Brexit is killing finance job vacancies in London

The number of new financial jobs in England dropped 10.1% following the Brexit vote in June, as uncertainty over the UK’s future membership of the single market hurt job market confidence.

Finance vacancies fell in every region in July and August, according to the Institute for Public Policy Research, an influential think tank.

London saw a 13.6% drop in job adverts, including for administrators, managers, and chief executives.

“This is striking as it is the only year in the past four where this trend has occurred,” the IPPR said.

The number of people applying for finance jobs in Dublin rose by 800%, according to staffing and recruitment firm Manpower.

The lack of certainty over the City of London’s so-called financial services passport, which allows banks to sell their services to customers from the European Union, has damaged confidence in the capital’s jobs market.
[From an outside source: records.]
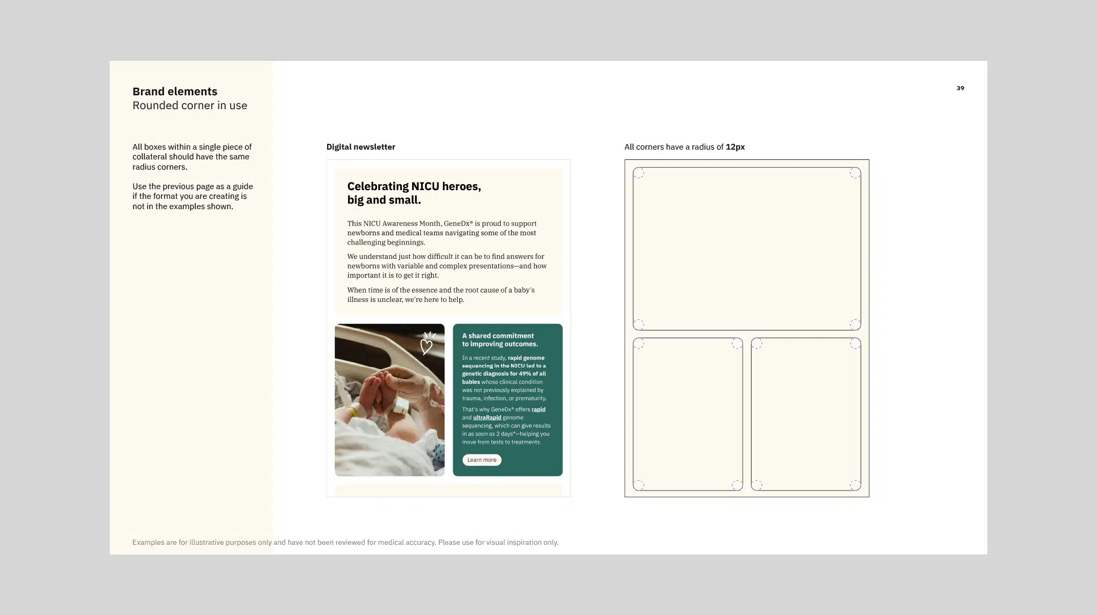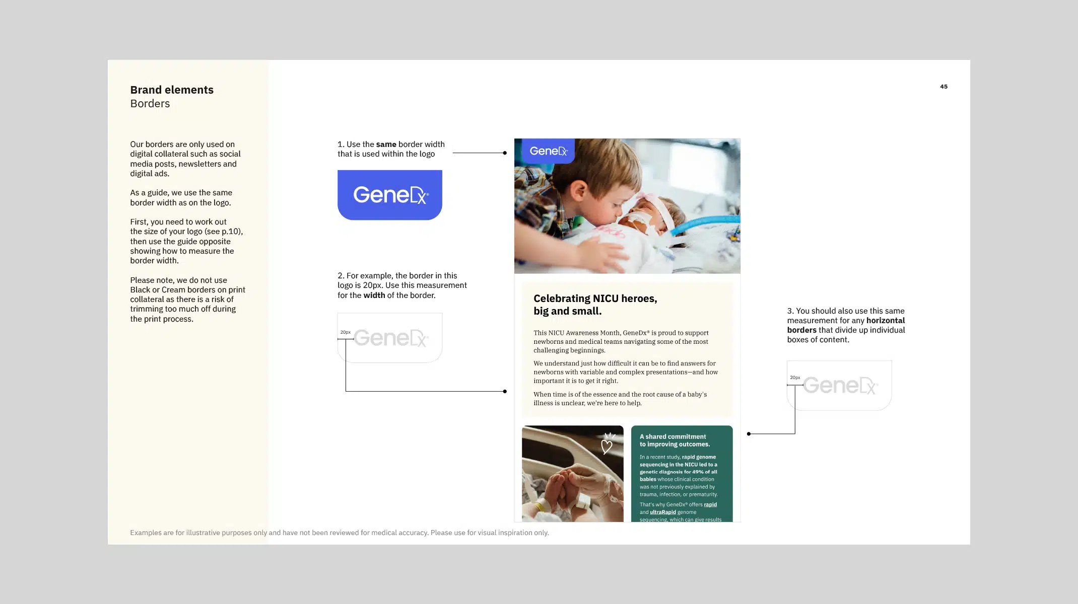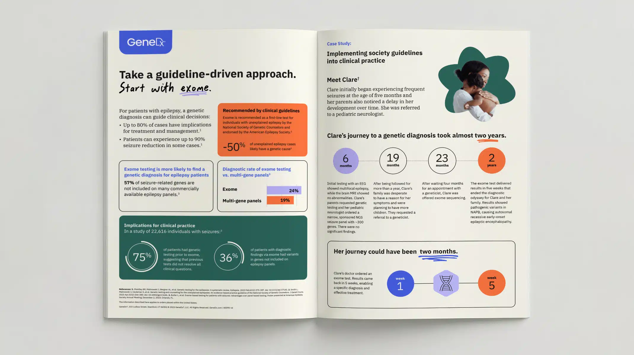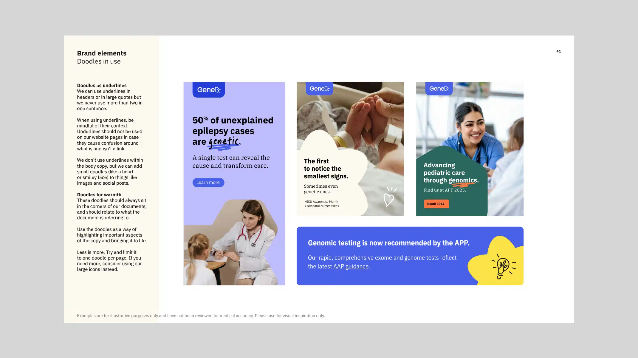 As the new brand identity was to be rolled out by GeneDx’s internal design team, it was essential that all elements were captured within a comprehensive set of brand guidelines. The document we crafted includes a wide range of examples covering both digital and print applications, alongside clear rules around the use of all brand elements.
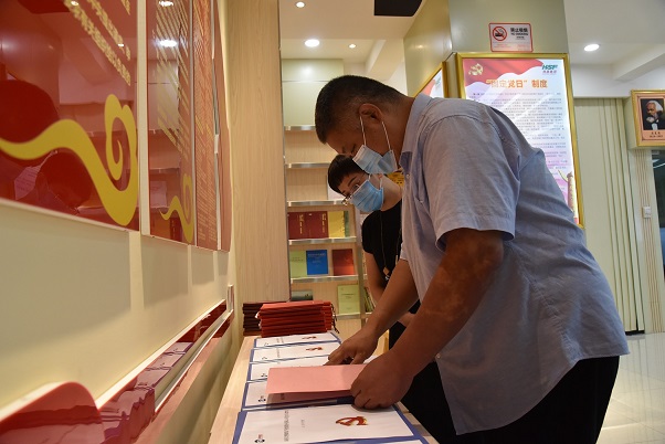 指導組一行現(xiàn)場查閱相關(guān)材料。吳思敏
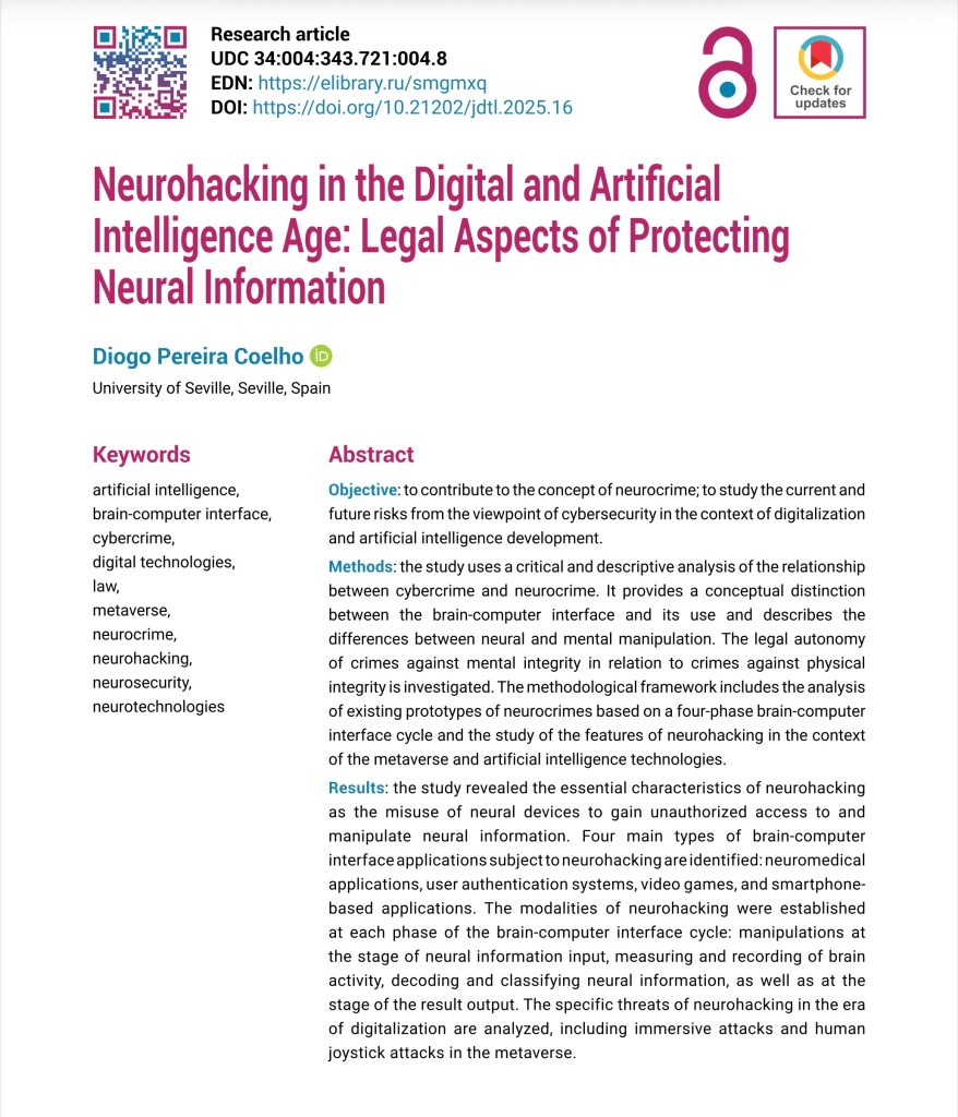 Neurohacking in the Digital and Artificial Intelligence Age: Legal Aspects of Protecting
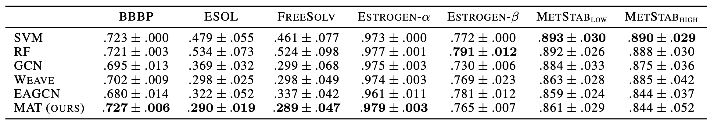 MAT의 성능은 molecule property prediction을 통해 측정되었다. 아래 표에서 리포트하는 값은 ROC AUC로 값이 높을 수록 더 성능이 좋은 것이다. 아래 표를 통해 우리는 MAT가 molecule property prediction에서 좋은 성능을 보였음을 알 수 있다.
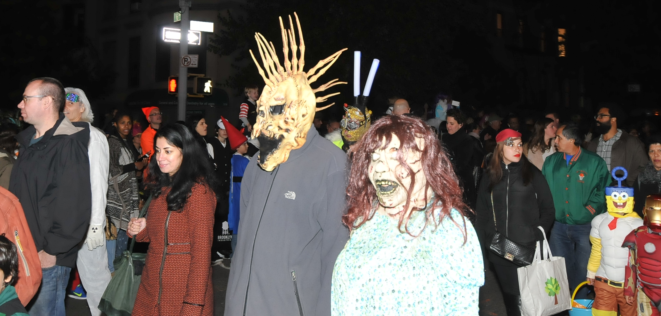 7:31 PM. A full-head mask of a skull with a punk-style mohawk. With a zombie.
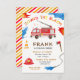 Célébrez l'anniversaire de votre fils ou de votre fille avec cette invitation à la fête d'anniversaire pour camion de pompier mignon. Invitation est décoré avec le cône de sécurité, la hache, l'eau, le feu et le tuyau d'incendie. Le numéro sur le casque de pompier peut être changé pour l'âge de votre enfant. En haut, on lit "SOUND THE ALARM" dans les couleurs pompeuses du rouge, du jaune et de l'orange. Peut facilement être changé pour le premier anniversaire de votre enfant (ou n'importe quel âge!)
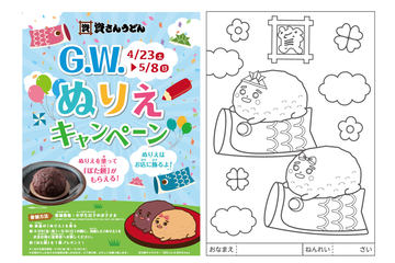 資さんうどん、「ぬりえ」持参でぼた餅がもらえる「G.W.ぬりえキャンペーン」
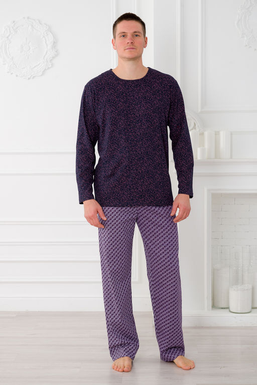 Пижама мужская из футболки с длинным рукавом и брюк из кулирки Генри геометрия макси
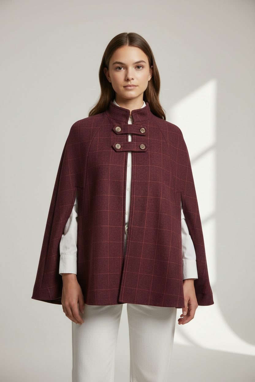 Capa/poncho "Tartan Heritage" - Paño de Lana con Cuadros y Cuello Mao

And no coherent plan to manage the UK’s exit from the European Union has emerged so far.

On Thursday, Foreign Secretary Boris Johnson said that Britain will start the exit process “by the early part of next year.” But Prime Minister Theresa May rebuffed the comments, saying there was no commitment to any timetable.

“This new data shows the immediate impact that the vote to leave the European Union appears to be having on the finance sector,” said Clare McNeil, associate director for work and families at IPPR.

“The Prime Minister needs to end doubts around whether the Government will pursue access to the single market and passporting rights as high priorities in the Brexit negotiations,” McNeil said.